Besides the evap cooling already mentioned, you would need to circulate the coolant (refrigerant) around/within the tubes carrying the water in the evaporator section (the evaporator is what gets cold in a traditional AC unit).
Residential AC is designed for a 20* temperature difference between the return and supply, so if there was enough water circulating (capacity in tons), 55* would work fine.
Ground source heat pumps are quite efficient, but you either need plenty of land for a horizontal loop, or you need to drill down. One 150' deep hole per ton here, sized for heating.
A chiller works just like a residential split system that we are all used to seeing. All of the components of a refrigeration cycle are the same, it just removes the heat from the water instead of the air. The water is pumped across the evaporator instead of air blowing across the evaporator. The heat in the water is absorbed by the refrigerant same as the heat in the air is absorbed by the refrigerant. The heat from the evaporator or "barrel" is then rejected through the condenser. A chiller would allow for easier load management and capacity control in a larger system.
The original gas fired air conditioners from the '50s and '60s were nothing more than absorber type chillers. They included a pump and anti-freeze through a coil in the plenum of the furnace. This isn't new technology, maybe not the cheapest way to do things, but could in many cases be a better way once a person understands the whole picture. It's not likley that TOH will cover all of the details clearly in <5 minutes, but having seen some of their projects on television it may be the best solution for that scenario.
Hope this helps
Chris
Ahh. I am thinking bigger :).
Bro in law is working on a house in Montana next to a lake. 5000 feet of black poly tubing in the lake for a heat exchanger. Friend had 2 wells dug 25 feet deep 20 feet apart. He heats and cools a 5000 sq ft. mfg plant .

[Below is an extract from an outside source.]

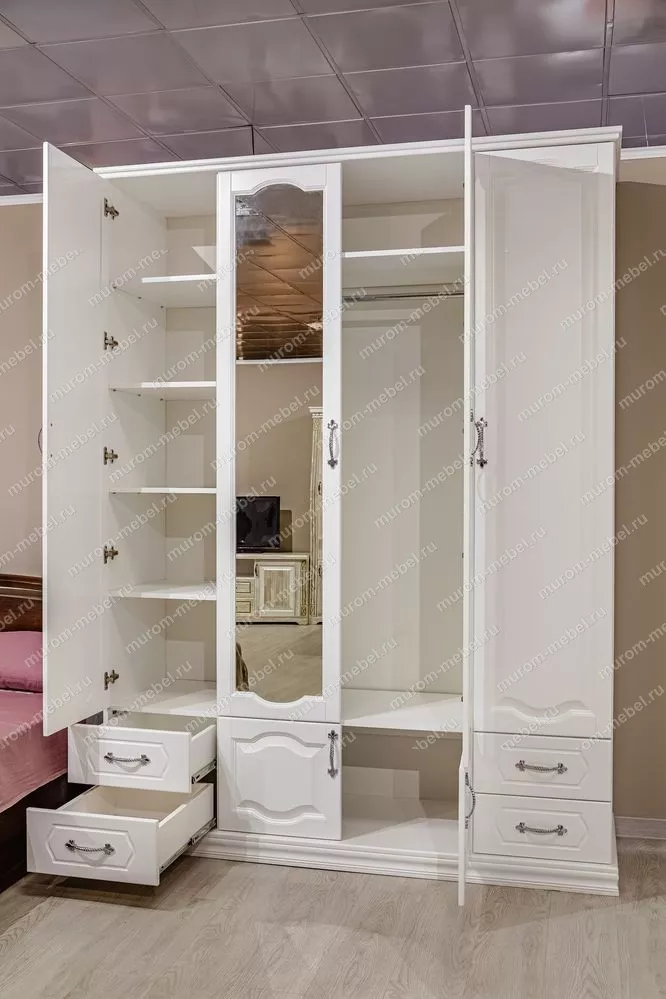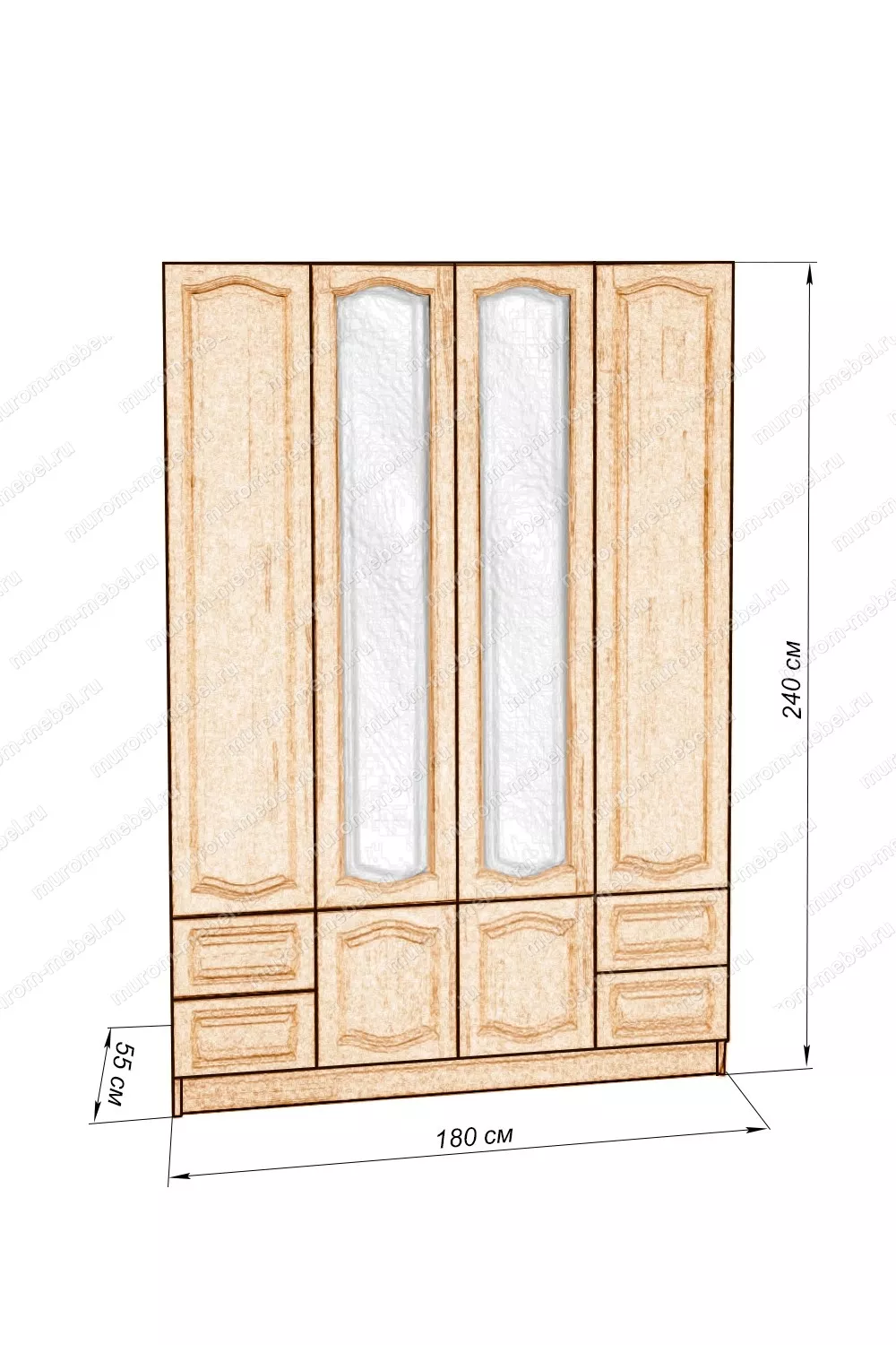 Высокий 4-х створчатый шкаф Лира характеризуется отличной вместительностью. Он имеет богатое внутреннее наполнение, поэтому в нём найдётся место для большого количества вещей. Вся одежда будет храниться аккуратно и в быстрой доступности. Производители оснастили эту модель ящиками, полками и штангой. Зеркала на фасаде позволяют сразу оценить выбранный наряд и визуально увеличивают помещение.

There probably is a manufacturing advantage with the chilled water system. The chiller can use a self-contained refrigeration unit, meaning it can be factory-sealed, not needing any field service parts. "Field" repairs can be done in the shop, like a window AC.Installing the unit could be done with regular plastic tubing -- certainly no brazing and probably no soldering. The tubing would be cheaper. No dryer to worry about, and no need to evacuate/charge when installing or relocating. Minimal environmental issues.On the down side, the entire length of the water lines would have to be insulated, with insulation on both supply and return lines. And the lines would likely have to be larger than for freon.Likely efficiency would be poorer, but for the McMansions they work on on TOH that's presumably not an issue -- with the freebies the HOs get they can afford the extra operating cost, or they can just sell a few shares of stock with insider info to make up the difference.
If ignorance is bliss why aren't more people
happy?
On the down side, the entire length of the water lines would have to be insulated, with insulation on both supply and return lines. And the lines would likely have to be larger than for freon.

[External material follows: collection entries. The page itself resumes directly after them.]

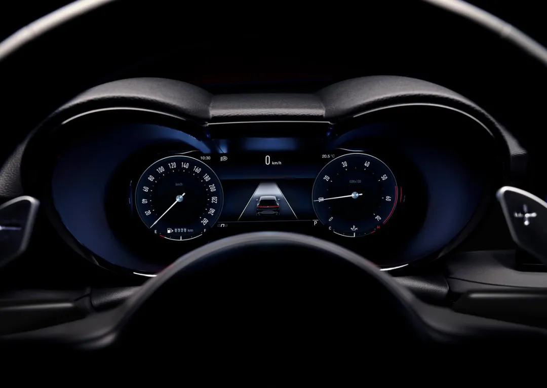 内饰部分,终于在阿尔法·罗密欧的车系上看到全液晶仪表盘的身影,加上悬浮式大尺寸中控屏幕,也向现如今流行的科技风看齐。而阿尔法·罗密欧经典的三幅式多功能运动方向盘,以及换挡拨片,运动的氛围依旧讨喜年轻人的钟爱。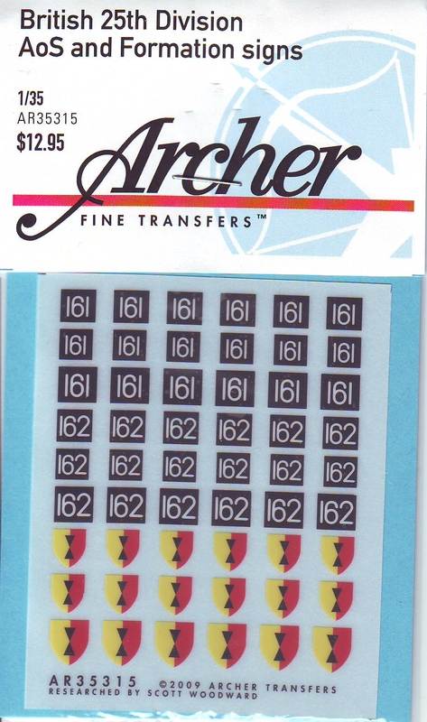 Enthalten sind die Divisionsabzeichen, sowie die Markierungen für North Irish Horse und 51st Batt. Royal Tank Regiment. In der kurzen Anleitung gibt es einen kurzen geschichtlichen Abriss zu dieser Einheit. Ferner gibt es einen Hinweis(Link), wie die Archer Fine Transfers anzubringen sind.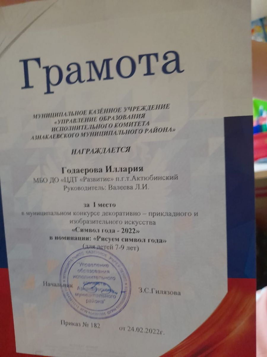 Грамота за 1 место в конкурсе "Символ года - 2022", участница Годаерова И., педагог Валеева Л.И.

The source and return water lines were embedded into what appeared to be a french-drain style 5" plastic pipe that had the cavity filled with expanding foam insulation. Richard Trethewy (sp) showed a piece of it and said it allowed them to install the outside units hundreds of feet away from the house if desired.
I do believe the unit they installed was a sealed freon system that chilled the water, and chilled water carried through that insulated pipe into the home and the handlers therein. Seems quite interesting to me. And the aspect of using PEX manifolds for distribution is a curious option.
I saw on Bob Vila where they had some "group housing" and they had a central heating plant. Used similar product to distribute hot water for heating.About 4-6 years ago TOH did on where they bought the house and build a large shop in the back and they used the same thing to bring hot water for radianet heat from the house.And in large cities it is not uncommon for a "utility" company to provide hot water and chilled water service for large commercial buildings.
Only speculating here, but could Rich Trethewey have meant that pre-charged lines come in 50 lengths. and that any other length would require evacuating and charging via different mthodology???
Couple of things already mentioned to your original post (1) 50' precharged line set are normal, (2) line sizing beyond that length is important, (3) addition refrigerant is needed along with the need to recover all the refrigerant in the system, pulling a vacuum on the system, pressurizing with nitrogen for leak checking, evacuating the nitrogen to another vacuum, and then recharging the system with refrigerant.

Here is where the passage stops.